As an officer, Cummins was on the Macedonia which brought Lord Carnarvon's body back from Egypt in a five-ton coffin. Carnarvon had died of a mosquito bite in 1923 shortly after the discovery of Tutankhamun's tomb.

At the outbreak of the Second World War, the P&O ships were commandeered as troop carriers. Cummins remained as chief officer on the converted liner Viceroy of India. On 11 November 1942, having disembarked troops at Oran for the North African invasion at 4.30am, the ship was hit by a torpedo while Cummins was having his coffee. "As chief officer, I was sent down to check how long the ship could stay afloat - all I had was a little flashlight," he said.

"The water was pouring in and the noise of it coming through was horrendous. I still have dreams about it. Thank God we had landed the troops, otherwise this would have been a disaster."

He then became chief officer of the Ile de France which on occasion carried as many as 10,000 troops across the Atlantic. They sailed at 25 knots, so there was little danger, as this was faster than any U-boat. In 1945 Cummins became captain of the Maloja where he was responsible for taking Italian POWs back home and Zulus back to Africa. Always a strict disciplinarian, he was much impressed by the latter and singularly unimpressed by the former.

Although he had seemed destined to remain a bachelor, at the age of 52 Cummins met and fell in love with Rosemary Byers, a passenger on a voyage from Australia.
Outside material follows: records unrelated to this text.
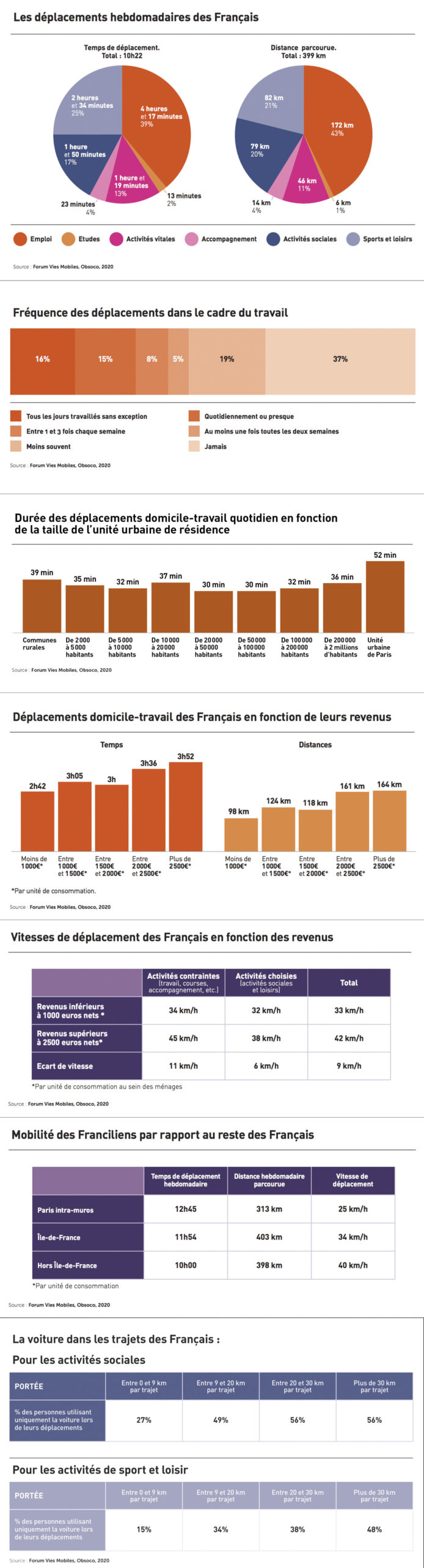 L’Enquête nationale mobilité et modes de vie 2020, réalisée par le Forum Vies Mobiles, fait apparaître un nouveau visage de la mobilité des Français. En moyenne, dans le monde d’avant le Coronavirus, un Français se déplaçait 10 heures par semaine et parcourait 400 kilomètres. Nettement plus que ce qu’on mesurait. Principale raison de la différence : en plus des déplacements domicile-travail, le Forum Vies Mobiles tient pleinement compte de la mobilité dans l’exercice même des métiers. Un changement de perspective qui conduit à des préconisations ciblées pour réussir la transition énergétique…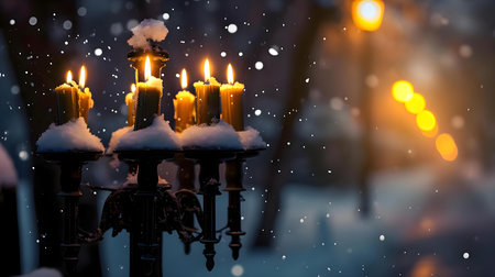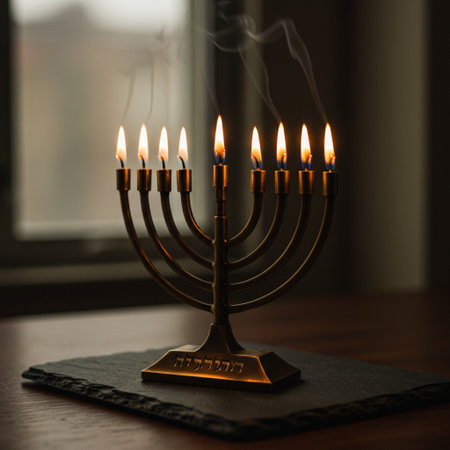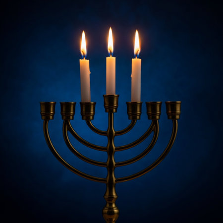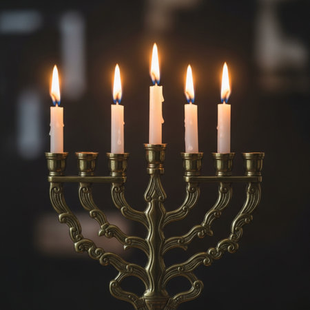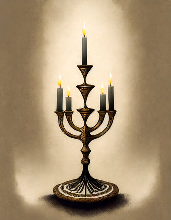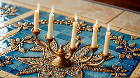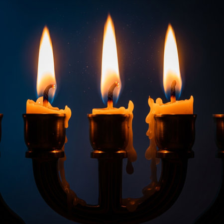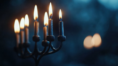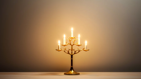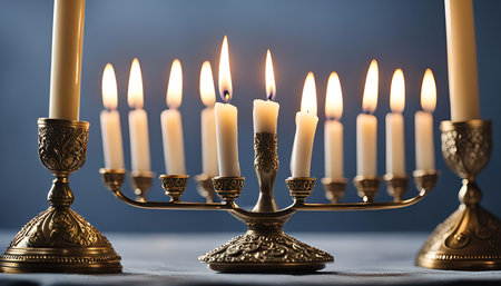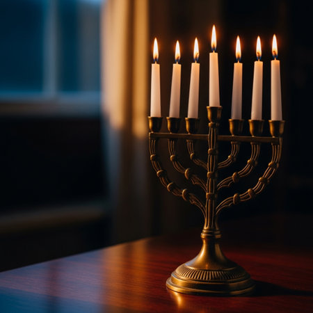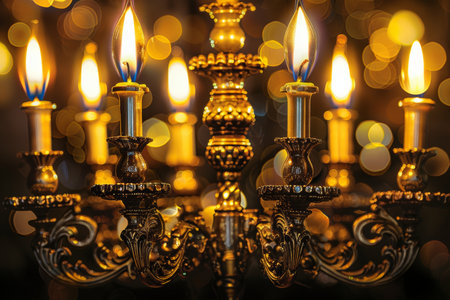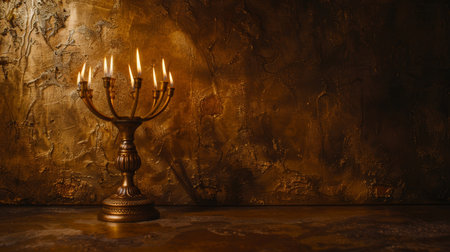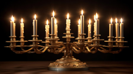 A beautifully ornate menorah stands with flickering candles, casting warm light in a dimly lit environment, evoking a sense of tradition and celebration.
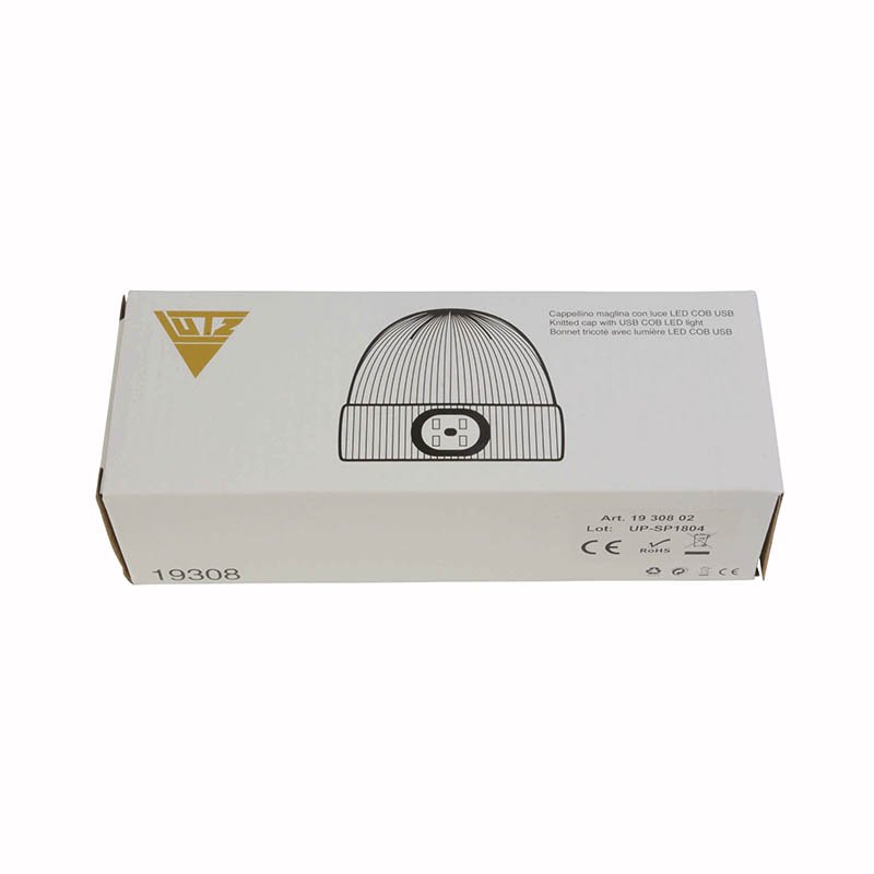 Knitted 100 % acrylic cap with detachable LED light and rechargeable with USB. Conditioned in a gift box

He married her in Sydney in 1955 and she undoubtedly transformed his life. When, for my book The Last Post (2005), I asked Cummins to name the most important thing for him, aside from discipline, he told me:

"I think love has been the most important thing. Not sex, although sex is part of love. Love brings contentment, which brings good health. Misery and unhappiness leads to ill-health. It's not just the love of a husband or wife, but of one's children and family."

Cummins retired from P&O in 1960. From 1962 until 1974, he was chairman of the Marlborough Rural District Council planning committee.